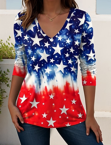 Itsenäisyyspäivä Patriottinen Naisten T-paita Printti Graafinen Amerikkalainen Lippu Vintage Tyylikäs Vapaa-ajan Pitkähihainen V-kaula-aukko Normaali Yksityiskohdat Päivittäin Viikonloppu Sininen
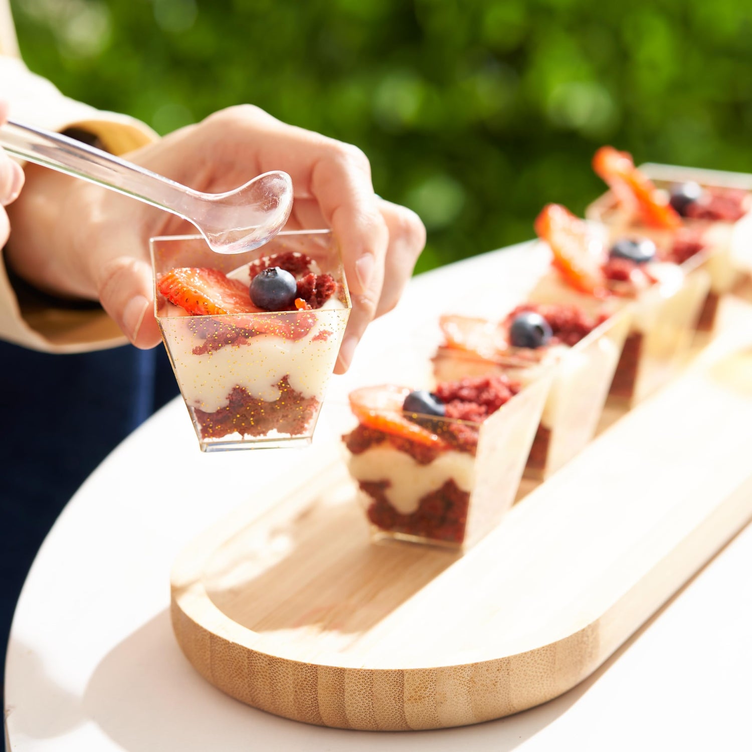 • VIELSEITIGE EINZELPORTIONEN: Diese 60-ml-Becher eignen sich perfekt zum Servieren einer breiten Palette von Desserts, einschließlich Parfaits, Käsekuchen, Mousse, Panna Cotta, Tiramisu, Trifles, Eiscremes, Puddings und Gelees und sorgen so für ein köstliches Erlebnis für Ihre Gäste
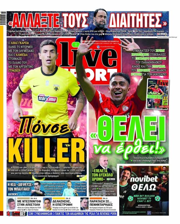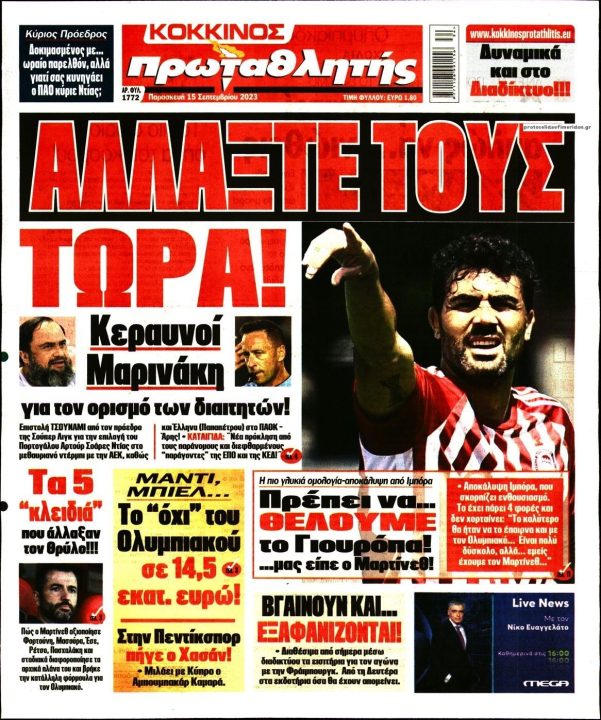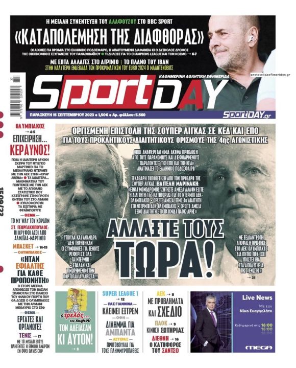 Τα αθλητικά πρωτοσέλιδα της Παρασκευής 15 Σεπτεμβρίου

---

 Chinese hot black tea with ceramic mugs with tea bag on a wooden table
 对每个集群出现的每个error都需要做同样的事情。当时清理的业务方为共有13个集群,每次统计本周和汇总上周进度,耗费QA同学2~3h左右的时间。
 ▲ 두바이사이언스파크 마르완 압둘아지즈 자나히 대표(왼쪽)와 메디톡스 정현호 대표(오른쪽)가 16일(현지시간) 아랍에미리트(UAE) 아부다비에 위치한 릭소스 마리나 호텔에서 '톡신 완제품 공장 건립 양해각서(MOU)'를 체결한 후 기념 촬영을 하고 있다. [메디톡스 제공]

▶ [Problem to work on] The answer should consist only of the lines above from the one with "für Ihre Gäste" through the one with "Τα αθλητικά πρωτοσέλιδα", repeated exactly, with no pictures among them.

▶ [Answer to the exercise]
 • VIELSEITIGE EINZELPORTIONEN: Diese 60-ml-Becher eignen sich perfekt zum Servieren einer breiten Palette von Desserts, einschließlich Parfaits, Käsekuchen, Mousse, Panna Cotta, Tiramisu, Trifles, Eiscremes, Puddings und Gelees und sorgen so für ein köstliches Erlebnis für Ihre Gäste
 Τα αθλητικά πρωτοσέλιδα της Παρασκευής 15 Σεπτεμβρίου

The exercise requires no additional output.